Holdfast Training Services Trial Blog

The Airport East project has displayed the importance of management of stakeholder relations to ensure the smooth running of a site.

Roads and Maritime Services (RMS), Australian Rail Track Corporation (ARTC) & Sydney Airport Corporation Limited (SACL), are the three biggest stakeholders on the Airport East site and known affectionately as the three amigos.  The contract is construct only and a number of clarifications are submitted to RMS daily, which in turn do lead sometimes compensation claims. SACL own the land but also impose tight restriction on operations due to the proximity of the E-W runway.  ARTC operate the main freight line which runs to Port Botany which dissects the site and is also being upgraded as part of the project to dual lines, they also impose tight restriction and limit access to the rail corridor.

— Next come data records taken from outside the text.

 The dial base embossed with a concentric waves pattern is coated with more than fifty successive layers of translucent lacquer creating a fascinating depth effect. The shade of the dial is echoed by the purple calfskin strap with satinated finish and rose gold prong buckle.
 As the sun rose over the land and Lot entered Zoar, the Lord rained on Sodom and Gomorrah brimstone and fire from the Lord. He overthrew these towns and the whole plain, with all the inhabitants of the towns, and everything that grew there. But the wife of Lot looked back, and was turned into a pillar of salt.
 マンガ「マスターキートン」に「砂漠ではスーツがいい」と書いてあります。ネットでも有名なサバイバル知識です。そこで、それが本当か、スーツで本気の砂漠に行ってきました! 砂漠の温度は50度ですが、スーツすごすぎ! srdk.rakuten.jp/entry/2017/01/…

During installation of reinforcement for Span 1 of the Canal Bridge, RMS were still changing their minds right up to 3 hours before the pour of where they wanted to locate conduits for traffic lights and lighting for the bridge.  Retrospectively fitting conduits into slab reinforcement is a time consuming process.  This is a lesson I will be taking forward for when the ducts are fitted into the Rail Bridge for post tensioning.  It is key reinforcement is staged with conduits or ducts being fitted prior to the B layer of reinforcement being placed.

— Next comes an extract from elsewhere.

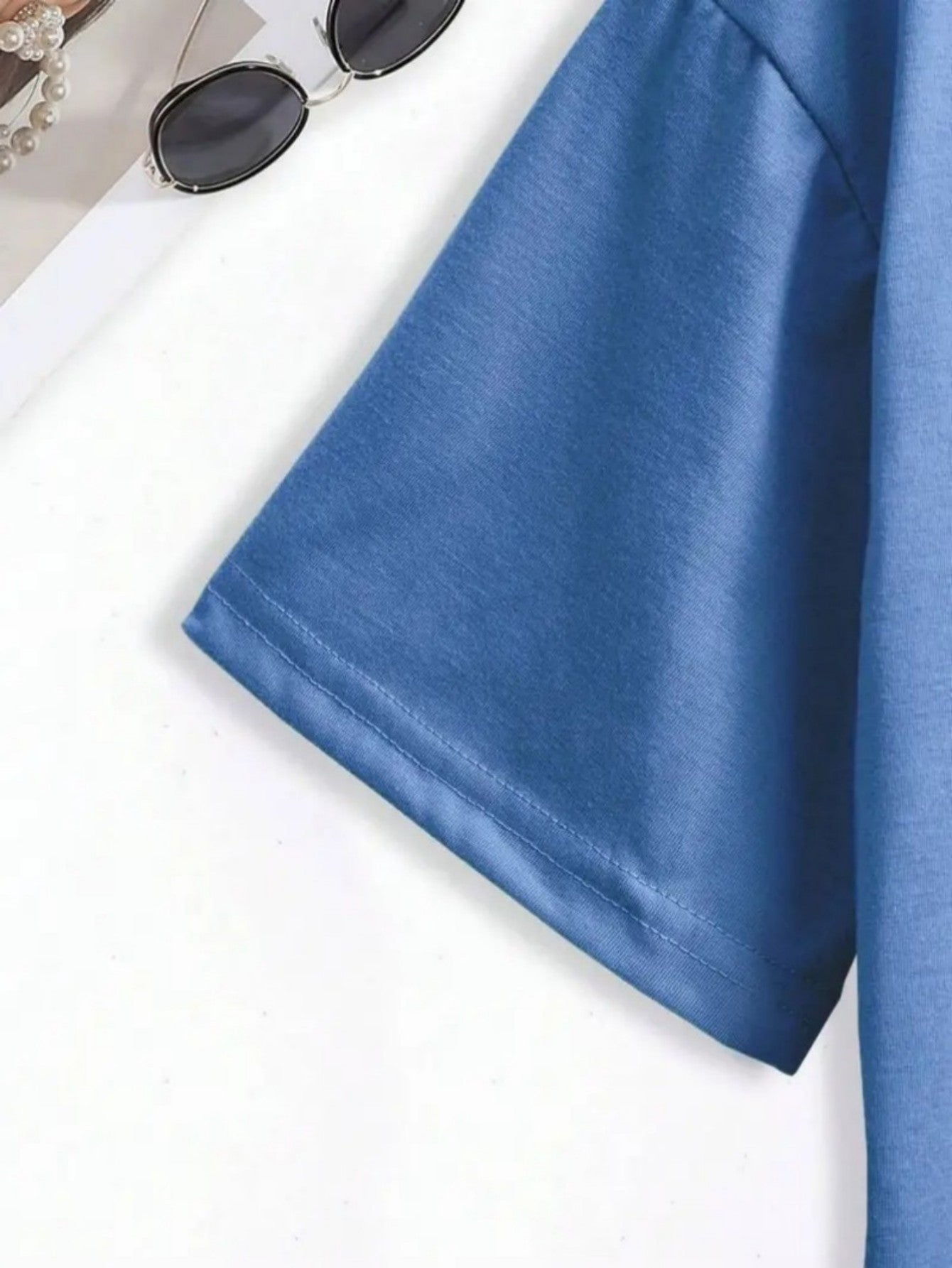 This light blue tee is low-key everything you need for your 'fit rotation, period. It’s giving soft, breathable, and just an all-around vibe that's perfect for literally any occasion. Think of it as your go-to, your ride-or-die, your closet’s MVP. Whether you’re hitting up brunch with your besties, need something chill for class, or even wanna low-key elevate your look for a semi-formal thing, this top is the move. It’s got that effortless cool that’s super easy to style, making those "I have nothing to wear" moments a thing of the past. Seriously, this is the everyday casual top that’s about to become your most-worn piece.

Figure 1 – Conduits for traffic control systems run through the cast-in-situ bridge deck of Span 1 of the Canal Bridge 

One of the most exciting yet exhausting tasks I have been package manager for on site has been the installation of sixty precast pretensioned bridge beams for Span 2 of the Canal Bridge.  I have taken this process from competitive tender, standard subcontract and award, through to installation.  The tasks leading up to their installation involved; authoring the activity method statement, excavation and removal of the temporary piling platform in the canal, checks to stressing calculations for the bridge beams, quality inspections of the prestressing yard, application to SACL for a week long closure of the E-W runway for 220T telescopic crane, design and validation of the crane platform, oversized load permit for delivery to site of the beams, organisation of haulage, medium risk lift plan for installation, and being lead engineer co-ordinating the landing of each beam onto temporary bearings. Choreographing their installation over 4 days, involved 15 being delivered per day, a truly rewarding task once they were all secured in place.

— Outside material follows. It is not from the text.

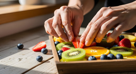 Close-up of hands meticulously arranging fresh slices of strawberry, kiwi, and orange on a wooden serving tray. The scene is illuminated by natural sunlight, emphasizing the vibrant colors and freshness of the healthy snack.

Figure 2 – The one of sixty precast bridge beams is lifted into position for Span 2 of the Canal Bridge

During installation I received a telephone call from SACL, the wind had picked up so for safety reason they needed to reopen the E-W runway.  15 minutes after the crane was lowered, the photo in Figure 3 was taken as an A380 passes over the site, showing the reason for the imposed height restrictions.  This delay forced installation operations to cease until that evening when the Airport closed between 2300 – 0455hrs.

 Figure 3 – SACL reopen the E-W runway of Sydney Airport during installation of the beams forcing installation operations to be postponed to the night.

My relationship with ARTC will grow as I move onto Project Engineer for the Rail Bridge and Underpass this month.

I would appreciated peoples thoughts on the below issue I have encountered on site.

ISSUE: The steel frame erection is generally progressing well on site with approximately 90% of the steel work now erected. Unfortunately a recent site inspection highlighted that some of the secondary steel beams to level 02 had developed a twist in the member (see below). Level 03 above is a cantilevered deck which is currently temporarily supported through diagonal bracing.

The tolerances for the steel work on the project are laid down in the Structural Steel work Specification developed by Ramboll. These are in addition to the requirements of the National Structural Steel work Specification (NSSS). However, establishing the tolerances for the twist has proved more difficult than first thought. The steel contractor is currently attempting to determine a root sum squared answer from the fabrication and erection tolerances. In the meantime the visual distortion has been enough to instigate further investigation.

An as-built survey conducted by the steel work contractor confirmed the following ‘out of tolerances’ for three of the beams highlighted on site.

OPTIONS: The two options as I see it are to either leave it as it is, or to release the members and conduct remedial works as necessary. In both situations an evaluation of the significance of the twist is required to be made.

1. Assess the structural significance of the twist. If not significant then do nothing and except the visual impact.

2. Assess the structural significance of the twist. If not significant then do nothing, but weld a plate to the bottom flange in order to mitigate the visual impact.

3. Assess the structural significance of the twist. If significant, release the connection. Relocate fin plate on primary beam to accommodate altered position of the secondary.

We are currently finding that, possibly due to the consequences, neither the structural engineers nor the steel subcontractor are willing to comment on the structural implications of the twist to the members and subsequently commit to a strategy moving forward. We are due to remove the temporary bracing in the near future. It is hoped that this along with the erection of the cladding will counteract the twist, however it is unlikely to counter it to the extent required.

It would be interesting to hear the thoughts of others with regard to the issue and potential remedial options? I would have thought that this issue must have been encountered previously through the experience of others? Any feedback is appreciated. Cheers, Al.